*Dataset entries*.

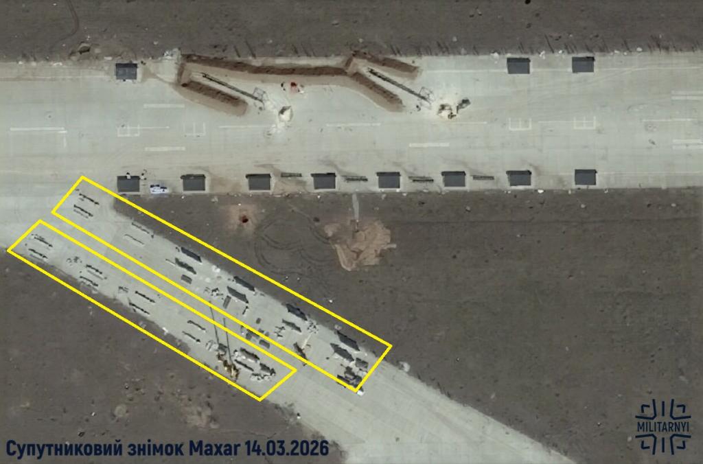 Ранее вблизи пусковых установок исчезли восемь гаражей. Их полностью убрали с территории после украинской атаки в начале марта. В то же время в районе аэродрома зафиксировано появление новых фортификационных сооружений — оккупанты достроили четыре бетонных бункера.
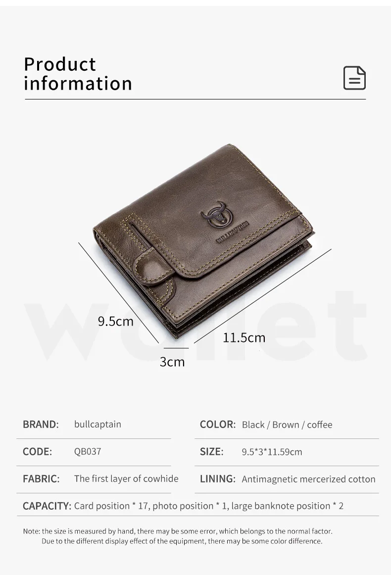 Кошелек мужской из натуральной воловьей кожи, дизайнерский бумажник на молнии с кармашком для мелочи и кредитницей
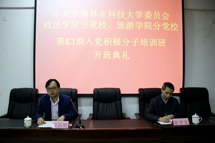10月25日晚七点,政法学院、旅游学院分党校第63期入党积极分子培训班开班典礼和第一堂党课于博文楼南905举行。学校党委委员、副校长严曙光教授进行第一堂党课授课。旅游学院党委书记张学文出席本次活动,会议由政法学院党委书记闫昌明主持。政法学院、旅游学院入党积极分子和班主任参加此次开班典礼和党课培训。
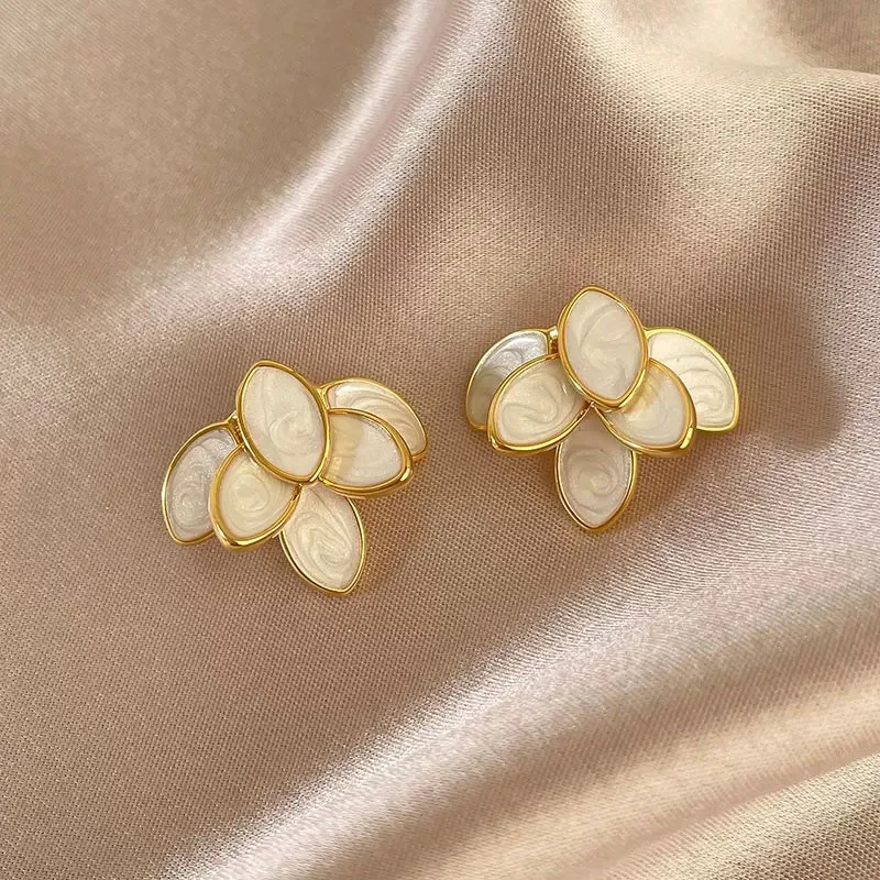 Experience the timeless elegance of these vintage-inspired white enamel drip stud earrings. Designed with delicate, irregular petal shapes, they evoke a romantic and antique charm. Constructed from durable zinc alloy with a luxurious KC golden finish, these earrings showcase a refined floral motif that complements both casual and formal outfits. Their intricate design features high-quality white enamel petals outlined with gold-colored metal, creating a sophisticated contrast. Each earring has a classic push-back closure, ensuring secure and comfortable wear. Perfect for women who appreciate unique, vintage-style jewelry with enduring quality, these earrings add a touch of delicate femininity to any look. Fully crafted without harmful chemicals, they emphasize style and safety.
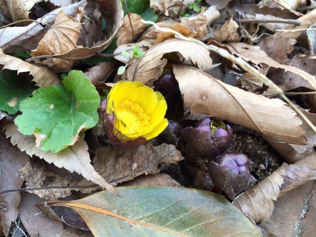 민주공원에 '얼음새꽃'이 피었습니다. 일명 복수초라고 알려져 있습니다.
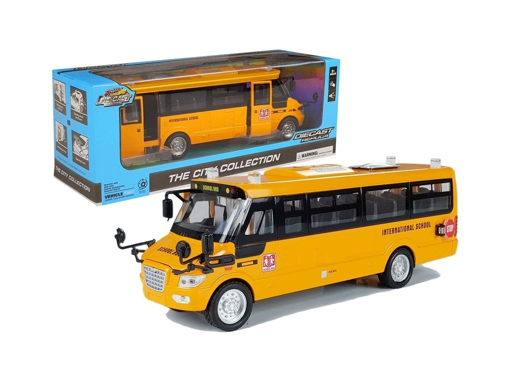 Навиваща се количка училищен автобус жълт разполага с подвижни части, като отварящи се врати отстрани и отзад. Автобусът има отварящ се преден капак. Моделът е оборудван с осветление и говорител, който издава звук на работещ двигател. Количката разполага с навиващ механизъм.
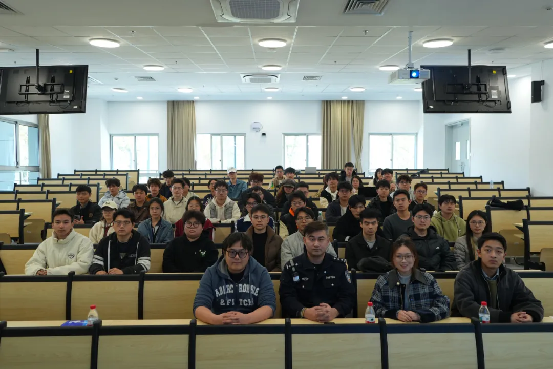 活动中,各位警官结合多起真实案例,系统梳理了刷单类、投资类、网购类、交友类、熟人诈骗等常见电信网络诈骗类型,深入解析诈骗手段的隐蔽性与迷惑性,引导同学们牢记“凡是转账都是诈骗”,切实提升风险辨别能力。保卫处老师围绕校园安全重点,详细讲解了宿舍用电安全、实验室操作规范、电动自行车充电管理等内容,剖析校园火灾常见诱因与防范要点,明确校园内除科研必要外严禁飞无人机的要求,还结合法律法规与校纪校规,警示同学们远离违法违规行为。
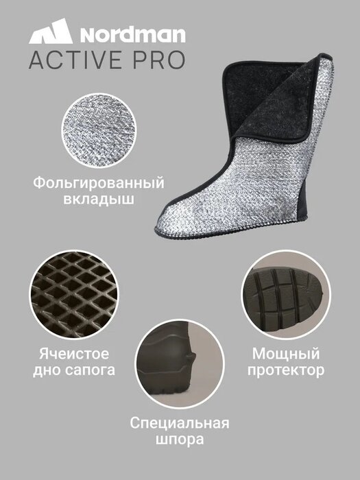 Сапоги Nordman Active Pro до -30 ºС с меховым вкладышем черные, Размер: 45/46
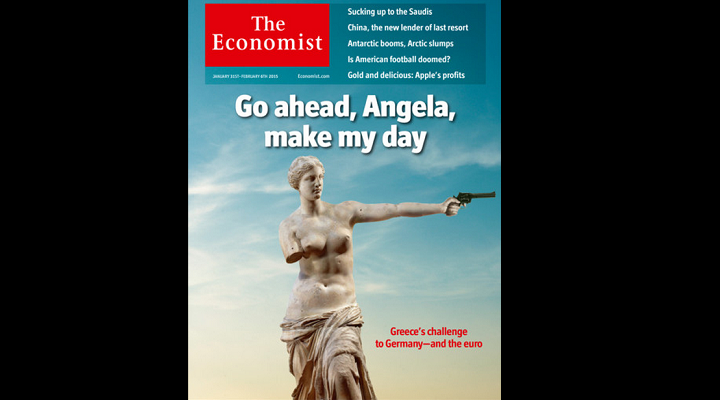 Με ένα εντυπωσιακό σκίτσο που δείχνει την Μέρκελ και τον Τσίπρα να πολεμούν για το ευρώ η Guardian απαντά στο πρωτοσέλιδο του Economist με την Αφροδίτη της Μήλου να απειλεί με όπλο την Γερμανίδα Καγκελάριο.
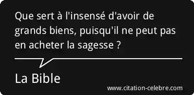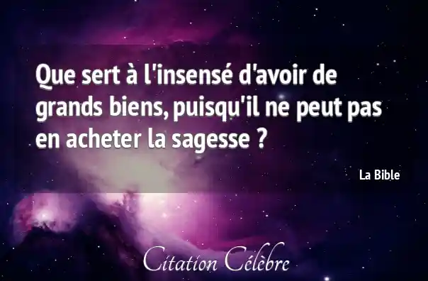 Que sert à l'insensé d'avoir de grands biens, puisqu'il ne peut pas en acheter la sagesse ?
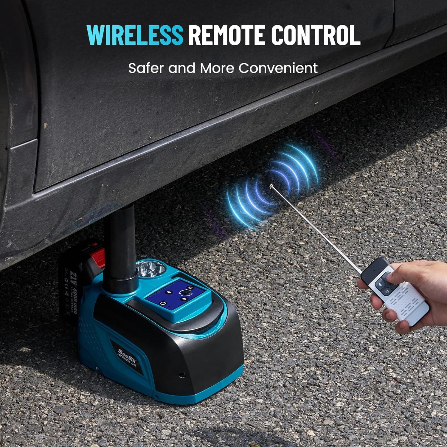 【Simple One-Button Operation】Lifting your car has never been easier! This car jack electric features a one-button operation that can be controlled via remote or onboard buttons. Whether you prefer to stay at a safe distance or operate it directly, you have the flexibility to choose. Perfect for quick, stress-free tire changes without extra effort
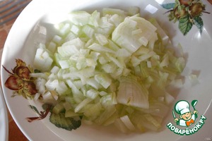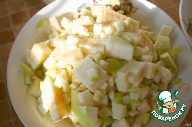 Жарить лук и яблоки на сливочном масле в течении 5 минут.
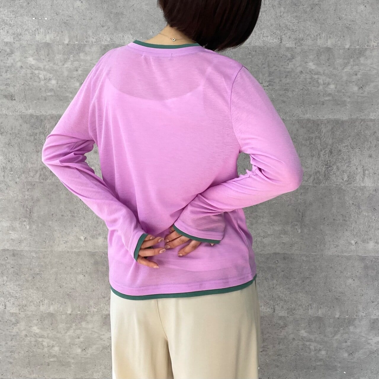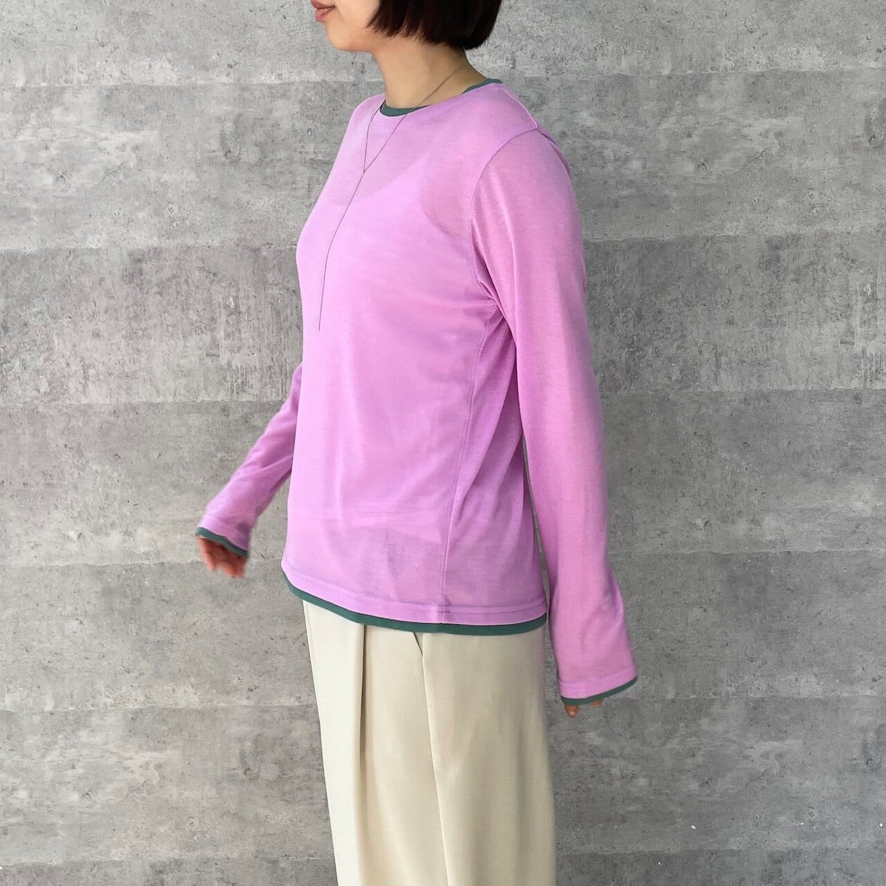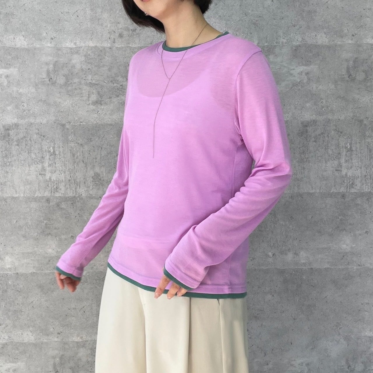 3月10日のインスタライブでご紹介したカラーブロックシアーロンT。透け感のあるリブ地素材がトレンド感あるロンT。レイヤードしているようなディティールと遊び心ある配色がシンプルなインナーとは一味違うスタイリングのポイントになる1着です。
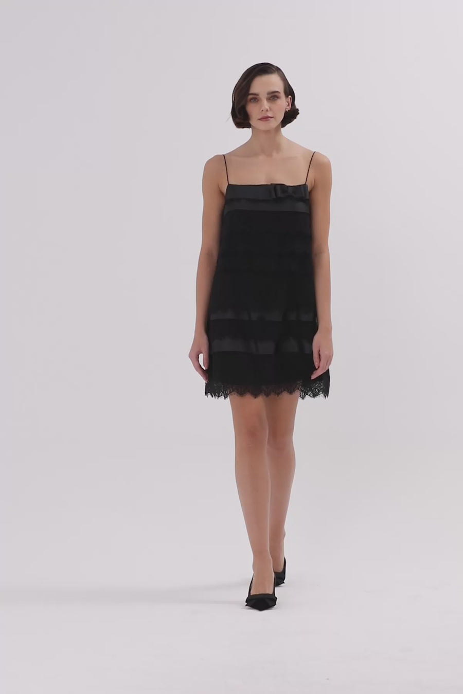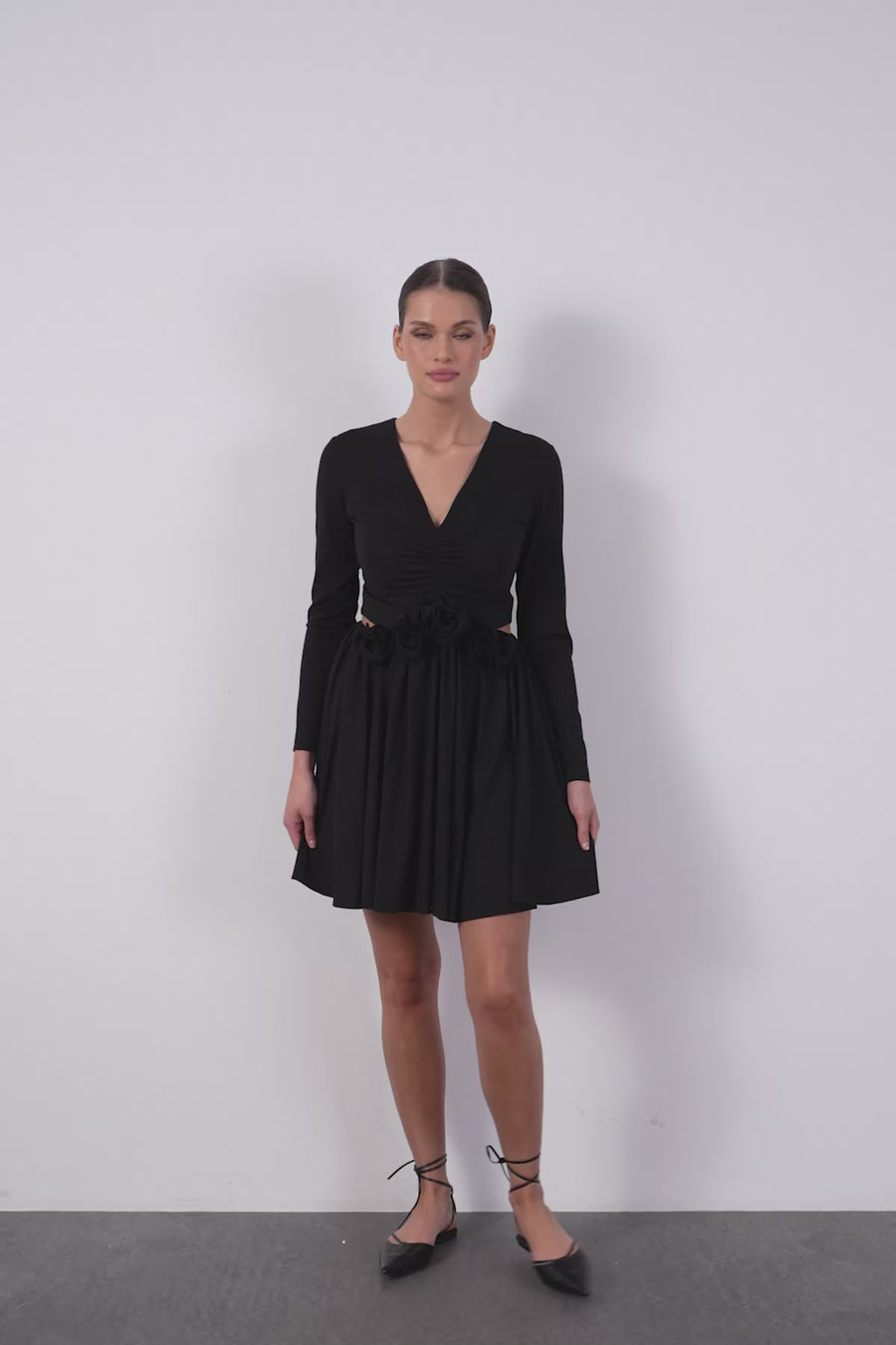 Asimetrik Yaka İşlemeli Tül Detaylı Kısa Elbise

*Directions for this task*. Once you have returned the line containing "Навиваща се количка", stop; begin at the first line of the material, keep each line exact, and skip the pictures.

*Answer for the task*.
 Ранее вблизи пусковых установок исчезли восемь гаражей. Их полностью убрали с территории после украинской атаки в начале марта. В то же время в районе аэродрома зафиксировано появление новых фортификационных сооружений — оккупанты достроили четыре бетонных бункера.
 Кошелек мужской из натуральной воловьей кожи, дизайнерский бумажник на молнии с кармашком для мелочи и кредитницей
10月25日晚七点,政法学院、旅游学院分党校第63期入党积极分子培训班开班典礼和第一堂党课于博文楼南905举行。学校党委委员、副校长严曙光教授进行第一堂党课授课。旅游学院党委书记张学文出席本次活动,会议由政法学院党委书记闫昌明主持。政法学院、旅游学院入党积极分子和班主任参加此次开班典礼和党课培训。
 Experience the timeless elegance of these vintage-inspired white enamel drip stud earrings. Designed with delicate, irregular petal shapes, they evoke a romantic and antique charm. Constructed from durable zinc alloy with a luxurious KC golden finish, these earrings showcase a refined floral motif that complements both casual and formal outfits. Their intricate design features high-quality white enamel petals outlined with gold-colored metal, creating a sophisticated contrast. Each earring has a classic push-back closure, ensuring secure and comfortable wear. Perfect for women who appreciate unique, vintage-style jewelry with enduring quality, these earrings add a touch of delicate femininity to any look. Fully crafted without harmful chemicals, they emphasize style and safety.
 민주공원에 '얼음새꽃'이 피었습니다. 일명 복수초라고 알려져 있습니다.
 Навиваща се количка училищен автобус жълт разполага с подвижни части, като отварящи се врати отстрани и отзад. Автобусът има отварящ се преден капак. Моделът е оборудван с осветление и говорител, който издава звук на работещ двигател. Количката разполага с навиващ механизъм.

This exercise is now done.